What to work on: Word for word, output the data, with none of its pictures.
-=-=-=-=-
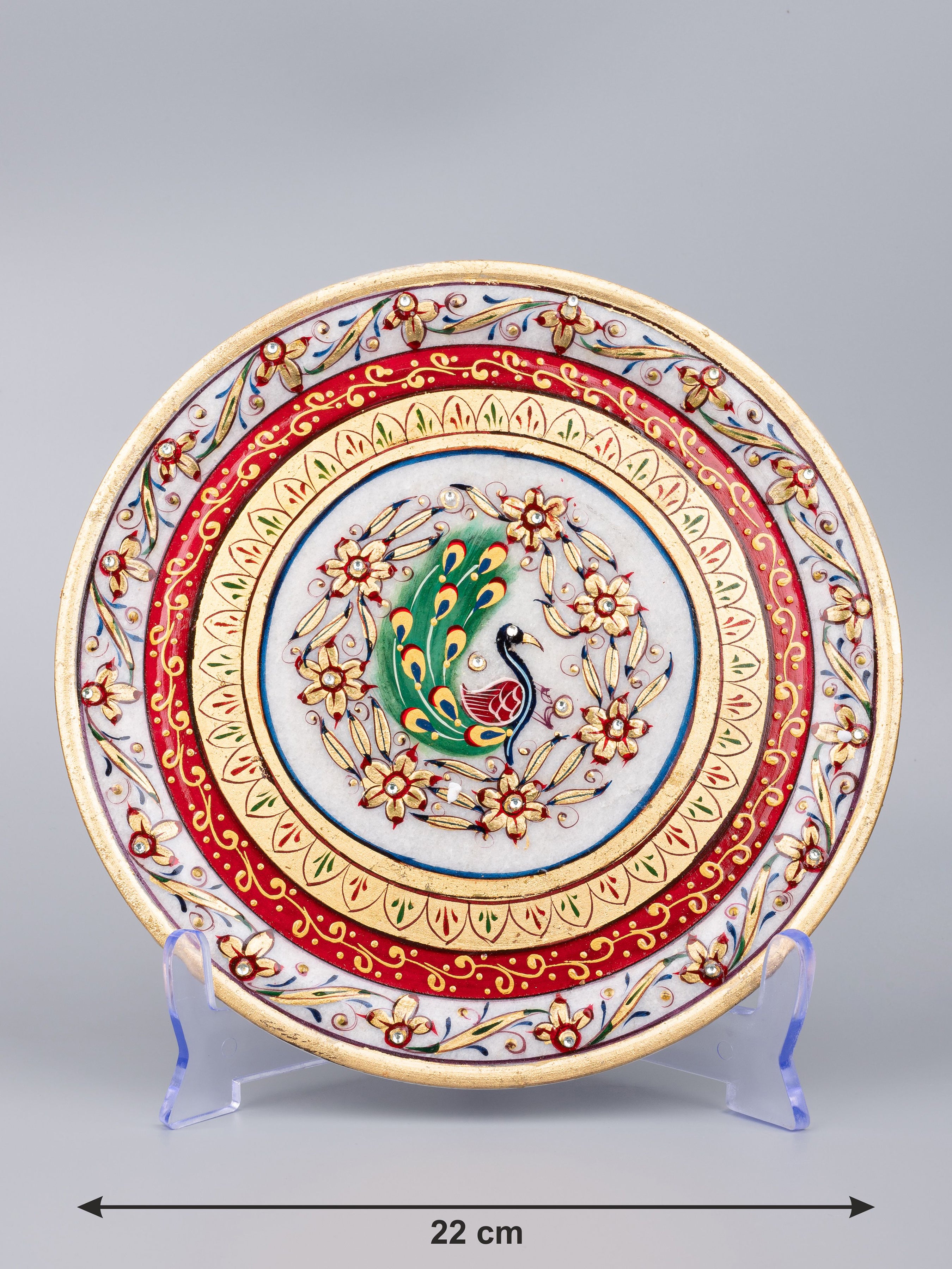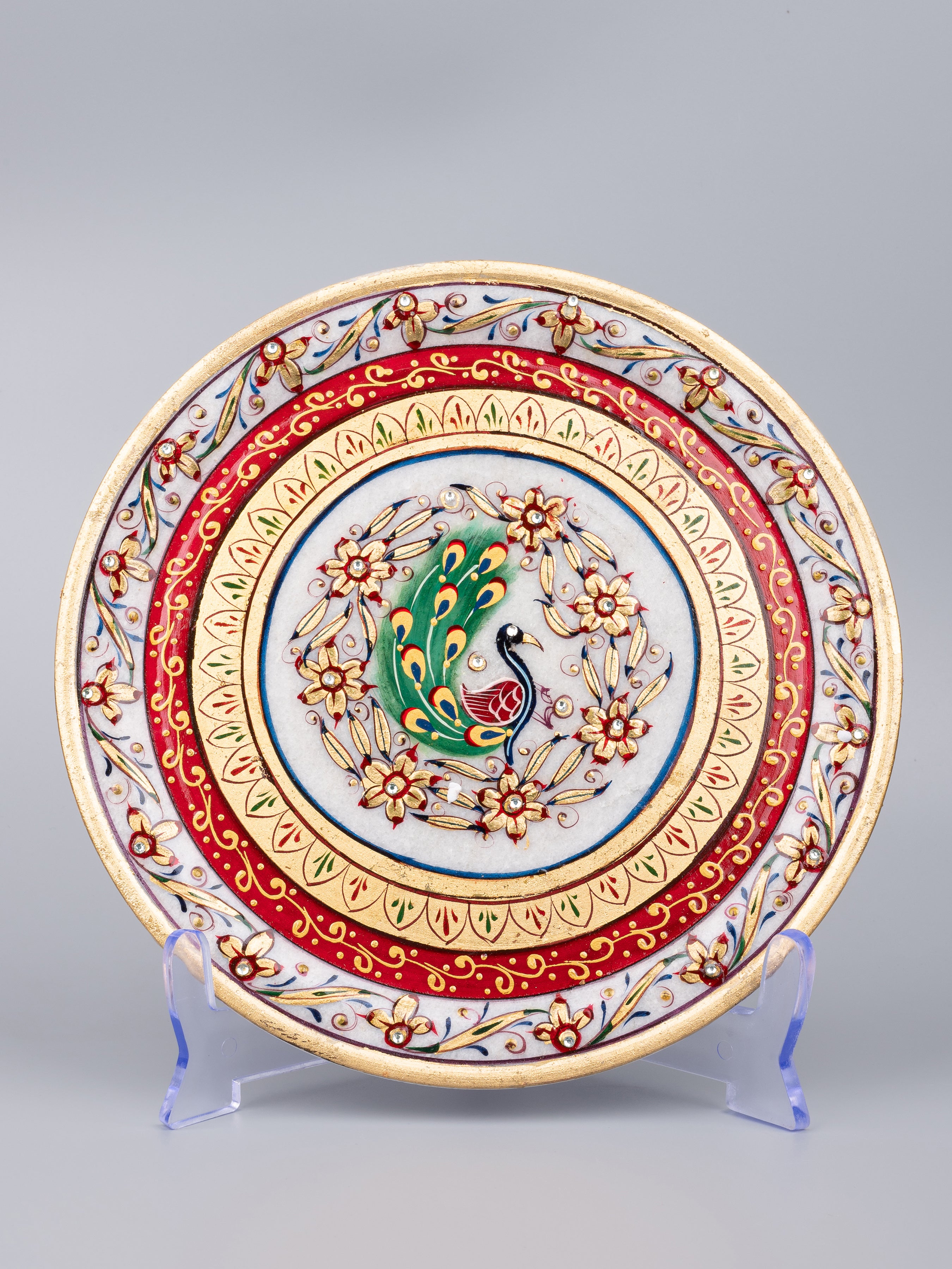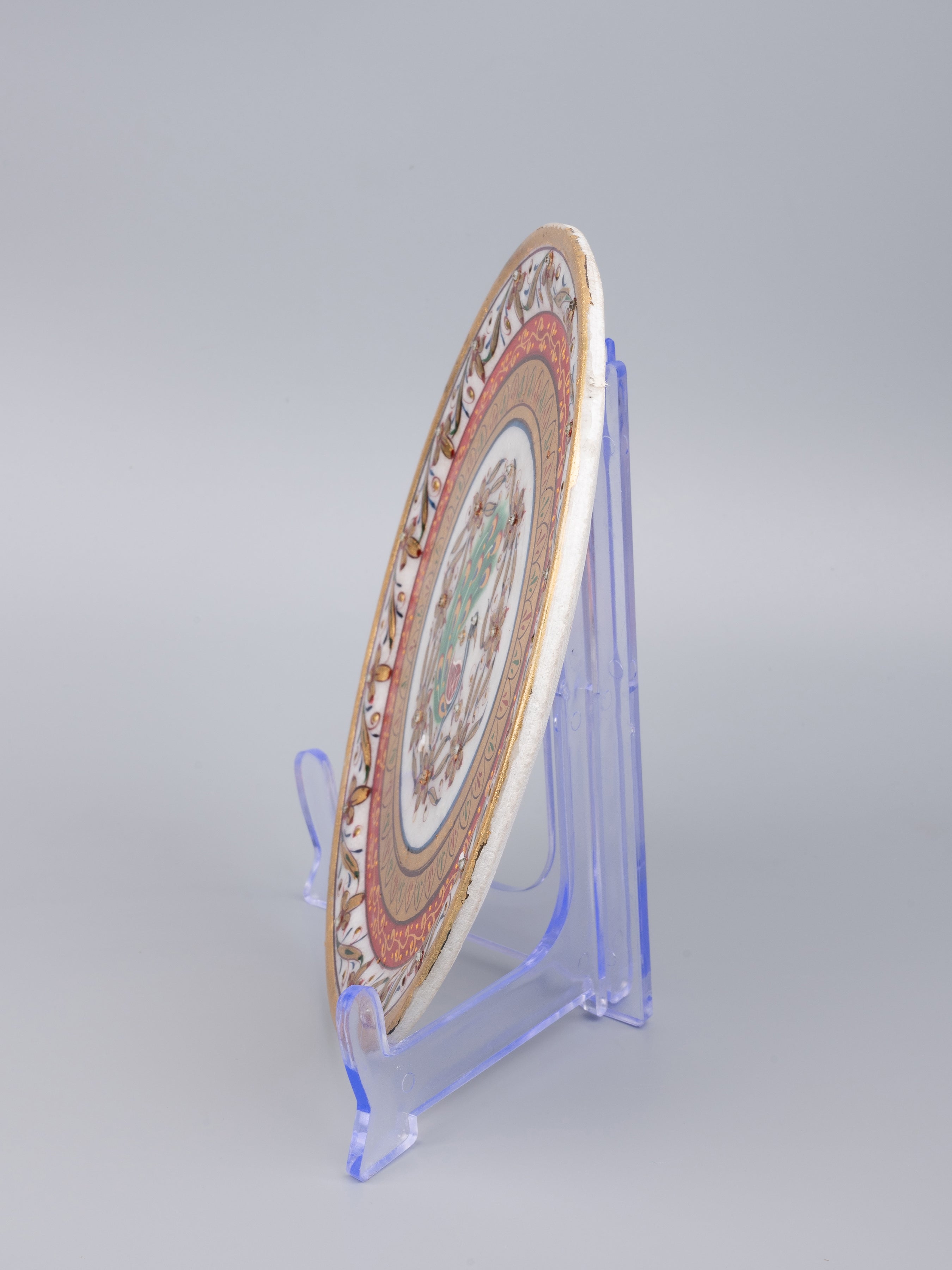 Resting on a acrylic stand, the decorative plate has an interesting feel as it will make any corner of the house glow. It has a mughal floral theme with beautiful painting done on it. This style of painting is done in all royal palaces of Rajasthan.
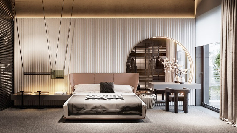 Một số gam màu trầm cũng được sử dụng, giúp tạo một không gian lắng đọng hơn một chút, yên bình hơn một chút. Màu sắc đôi khi còn được quyết định bởi sở thích của chủ nhân phòng ngủ. Khi hoạt động và nghỉ ngơi trong những căn phòng này, chủ nhân sẽ cảm thấy dễ chịu hơn, dễ dàng đi vào giấc ngủ sâu và êm ái. Dù lựa chọn màu nào, nhưng màu sắc phòng ngủ kiểu Hàn Quốc vẫn luôn giữ một ngôn ngữ kiến trúc trọn vẻ ấm áp, ngọt ngào, phù hợp với nhiều cách trang trí khác nhau.
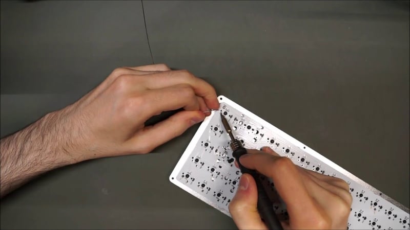 Cách kết nối mọi phụ kiện lại với nhau sẽ hoàn toàn phụ thuộc vào loại linh kiện và bàn phím mà bạn đang muốn build. Ở đây tôi sẽ chỉ có thể nói cách làm của mình dựa trên bảng tôi đang định build. Cần kiên nhẫn khi đưa bộ ổn định vào Đầu tiên tôi cài bộ ổn định vào bảng mạch. Bạn cần chắc chắn đặt đúng vị trí của chúng để không gây ra lỗi nền tảng nào cho bàn phím. Nhiều PCB hỗ trợ nhiều hơn một bố cục, nghĩa là sẽ có một số lỗ nhất định mà bạn không dùng. Cho bàn phím lần này tôi chọn bố cục UK, nghĩa là có một phím Shift trái ngắn hơn không cần bộ ổn định, và một phím Enter có bộ ổn định gắn theo chiều dọc. Bởi vì em bàn phím này sẽ có cỡ 75% nên phím Shift phải cũng cần ngắn hơn để đủ chỗ cho bộ mũi tên. Hãy thuộc nằm lòng bố cục bàn phím của mình trong bước đưa bộ ổn định vào. Nếu không sẽ rất phiền nhiễu ở các phần sau. Bộ ổn định Cherry mà tôi đặt mua là ở dạng tháo rời từ đầu. Nên tôi cần đặt các stem ổn định vào các vỏ tương ứng (housing) trước khi gắp thanh kim loại vào cả hai mặt. Hơi khó một chút, nhưng khi đã làm được một hai lần rồi thì những lần sau không thành vấn đề nữa. Sau khi hoàn tất thì đưa toàn bộ ổn định kẹp nó vào hai lỗ của PCB. Tiếp theo là các switches. Giống như khi làm việc với bộ ổn định, chúng ta cũng cần chú ý để các switch nằm đúng vị trí theo bố cục bảng dựng. Bạn có thể double check trước bằng cách áp keycaps vào switch tương ứng của nó, đặc biệt với những switch đa hướng (multiple placement options). Sau đó các switch vào đúng lỗ. Việc của bạn là chỉ cần nhớ vị trí các lỗ này sau khi hoàn tất. Tốt nhất nên lấy điện thoại chụp hình lại cho chắc. Đối với plate-mounted board, tôi cần phải đặt từng switch vào PCB thông qua plate. Sau khi đặt tất cả vào, lật PCB lại và hàn. Hàn cũng là một quy trình gây khó khăn và nản chí nhiều anh em. Nếu anh em chưa biết cách hàn thì có thể xem các video hướng dẫn trên youtube. Còn với tôi thì chỉ muốn chia sẻ một vài lưu ý sau khi hàn:
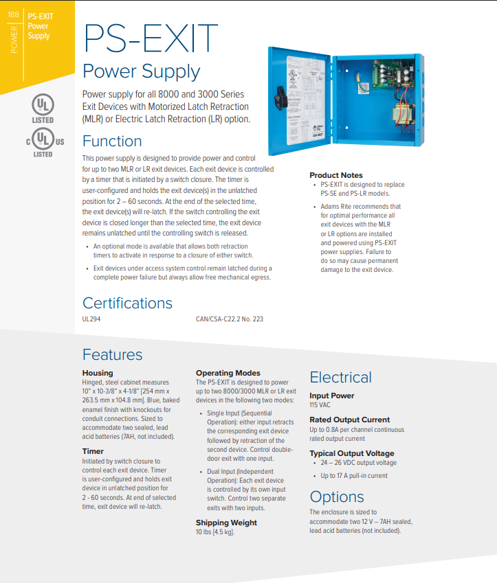 • Adams Rite recommends that for optimal performance all exit devices with the MLR or LR options are installed and powered using PS-EXIT power supplies. Failure to do so may cause permanent damage to the exit device.
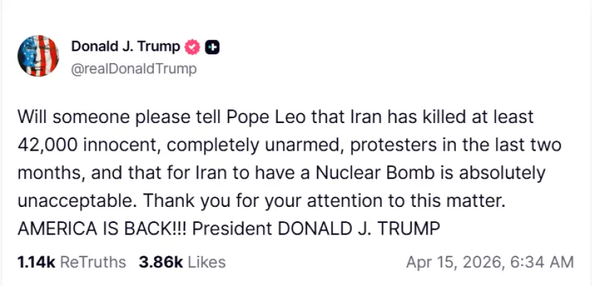 Παρά τις αντιδράσεις που έχει προκαλέσει η πολεμική κατά του προκαθήμενου της Ρωμαιοκαθολικής Εκκλησίας, ο Τραμπ έγραψε στο Truth Social για τον Πάπα Λέοντα:
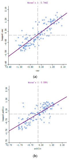The Moran scatter diagrams of accessibility index in different modes in urban area of Beijing, China. (a) Car driving mode; (b) public transport mode; (c) the mixed mode.
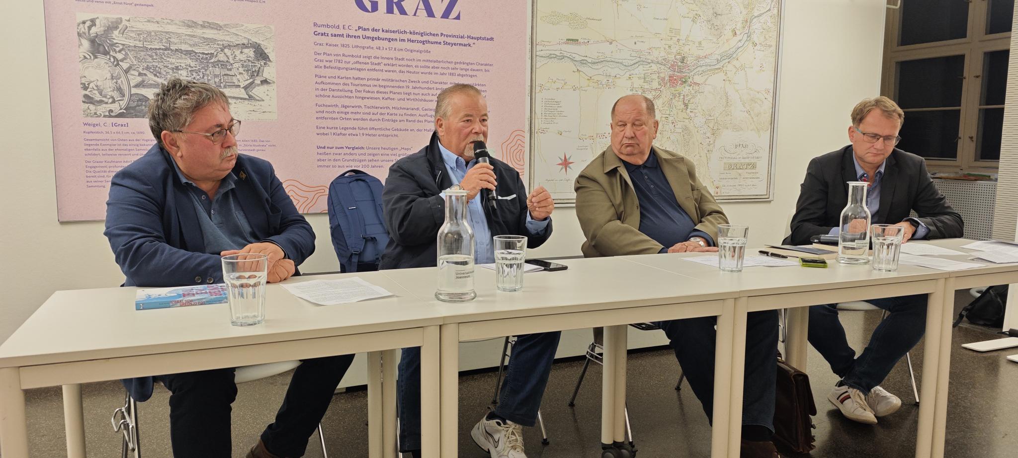 V četrtek, 9.10. ob 18.30 je v Slovenski čitalnici Štajerske deželne knjižnice v Gradcu (A-8010 Graz, Kalchberggasse 2) potekala predstavitev knjig dveh nekdanjih manjšinskih voditeljev – enega primorskega in enega koroškega: »Izbral sem srednjo pot« Rudija Pavšiča ter »Identität ohne Feindbild« Marjana Sturma. Pogovor sta vodila sodelavca ljubljanskega Inštituta za narodnostna vprašanja dr. Danijel Grafenauer in dr. Boris Jesih.
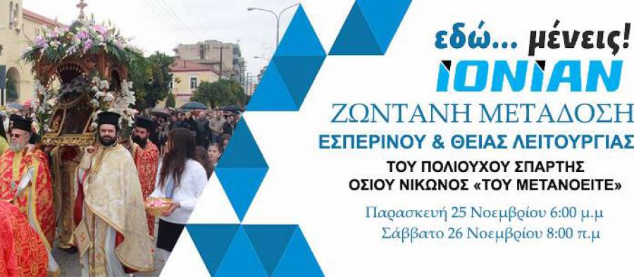 Ο περιφερειακός τηλεοπτικός σταθμός Ionian Channel, σε συνεργασία με την  Ιερά Μητρόπολη Μονεμβασίας και Σπάρτης,  θα πραγματοποιήσει απευθείας μεταδόσεις από τον εορτάζοντα Ιερό Ναό του Οσίου Νίκωνα, πολιούχου της Σπάρτης:
-=-=-=-=-
Exercise response:
 Resting on a acrylic stand, the decorative plate has an interesting feel as it will make any corner of the house glow. It has a mughal floral theme with beautiful painting done on it. This style of painting is done in all royal palaces of Rajasthan.
 Một số gam màu trầm cũng được sử dụng, giúp tạo một không gian lắng đọng hơn một chút, yên bình hơn một chút. Màu sắc đôi khi còn được quyết định bởi sở thích của chủ nhân phòng ngủ. Khi hoạt động và nghỉ ngơi trong những căn phòng này, chủ nhân sẽ cảm thấy dễ chịu hơn, dễ dàng đi vào giấc ngủ sâu và êm ái. Dù lựa chọn màu nào, nhưng màu sắc phòng ngủ kiểu Hàn Quốc vẫn luôn giữ một ngôn ngữ kiến trúc trọn vẻ ấm áp, ngọt ngào, phù hợp với nhiều cách trang trí khác nhau.
 Cách kết nối mọi phụ kiện lại với nhau sẽ hoàn toàn phụ thuộc vào loại linh kiện và bàn phím mà bạn đang muốn build. Ở đây tôi sẽ chỉ có thể nói cách làm của mình dựa trên bảng tôi đang định build. Cần kiên nhẫn khi đưa bộ ổn định vào Đầu tiên tôi cài bộ ổn định vào bảng mạch. Bạn cần chắc chắn đặt đúng vị trí của chúng để không gây ra lỗi nền tảng nào cho bàn phím. Nhiều PCB hỗ trợ nhiều hơn một bố cục, nghĩa là sẽ có một số lỗ nhất định mà bạn không dùng. Cho bàn phím lần này tôi chọn bố cục UK, nghĩa là có một phím Shift trái ngắn hơn không cần bộ ổn định, và một phím Enter có bộ ổn định gắn theo chiều dọc. Bởi vì em bàn phím này sẽ có cỡ 75% nên phím Shift phải cũng cần ngắn hơn để đủ chỗ cho bộ mũi tên. Hãy thuộc nằm lòng bố cục bàn phím của mình trong bước đưa bộ ổn định vào. Nếu không sẽ rất phiền nhiễu ở các phần sau. Bộ ổn định Cherry mà tôi đặt mua là ở dạng tháo rời từ đầu. Nên tôi cần đặt các stem ổn định vào các vỏ tương ứng (housing) trước khi gắp thanh kim loại vào cả hai mặt. Hơi khó một chút, nhưng khi đã làm được một hai lần rồi thì những lần sau không thành vấn đề nữa. Sau khi hoàn tất thì đưa toàn bộ ổn định kẹp nó vào hai lỗ của PCB. Tiếp theo là các switches. Giống như khi làm việc với bộ ổn định, chúng ta cũng cần chú ý để các switch nằm đúng vị trí theo bố cục bảng dựng. Bạn có thể double check trước bằng cách áp keycaps vào switch tương ứng của nó, đặc biệt với những switch đa hướng (multiple placement options). Sau đó các switch vào đúng lỗ. Việc của bạn là chỉ cần nhớ vị trí các lỗ này sau khi hoàn tất. Tốt nhất nên lấy điện thoại chụp hình lại cho chắc. Đối với plate-mounted board, tôi cần phải đặt từng switch vào PCB thông qua plate. Sau khi đặt tất cả vào, lật PCB lại và hàn. Hàn cũng là một quy trình gây khó khăn và nản chí nhiều anh em. Nếu anh em chưa biết cách hàn thì có thể xem các video hướng dẫn trên youtube. Còn với tôi thì chỉ muốn chia sẻ một vài lưu ý sau khi hàn:
 • Adams Rite recommends that for optimal performance all exit devices with the MLR or LR options are installed and powered using PS-EXIT power supplies. Failure to do so may cause permanent damage to the exit device.
 Παρά τις αντιδράσεις που έχει προκαλέσει η πολεμική κατά του προκαθήμενου της Ρωμαιοκαθολικής Εκκλησίας, ο Τραμπ έγραψε στο Truth Social για τον Πάπα Λέοντα:
The Moran scatter diagrams of accessibility index in different modes in urban area of Beijing, China. (a) Car driving mode; (b) public transport mode; (c) the mixed mode.
 V četrtek, 9.10. ob 18.30 je v Slovenski čitalnici Štajerske deželne knjižnice v Gradcu (A-8010 Graz, Kalchberggasse 2) potekala predstavitev knjig dveh nekdanjih manjšinskih voditeljev – enega primorskega in enega koroškega: »Izbral sem srednjo pot« Rudija Pavšiča ter »Identität ohne Feindbild« Marjana Sturma. Pogovor sta vodila sodelavca ljubljanskega Inštituta za narodnostna vprašanja dr. Danijel Grafenauer in dr. Boris Jesih.
 Ο περιφερειακός τηλεοπτικός σταθμός Ionian Channel, σε συνεργασία με την  Ιερά Μητρόπολη Μονεμβασίας και Σπάρτης,  θα πραγματοποιήσει απευθείας μεταδόσεις από τον εορτάζοντα Ιερό Ναό του Οσίου Νίκωνα, πολιούχου της Σπάρτης:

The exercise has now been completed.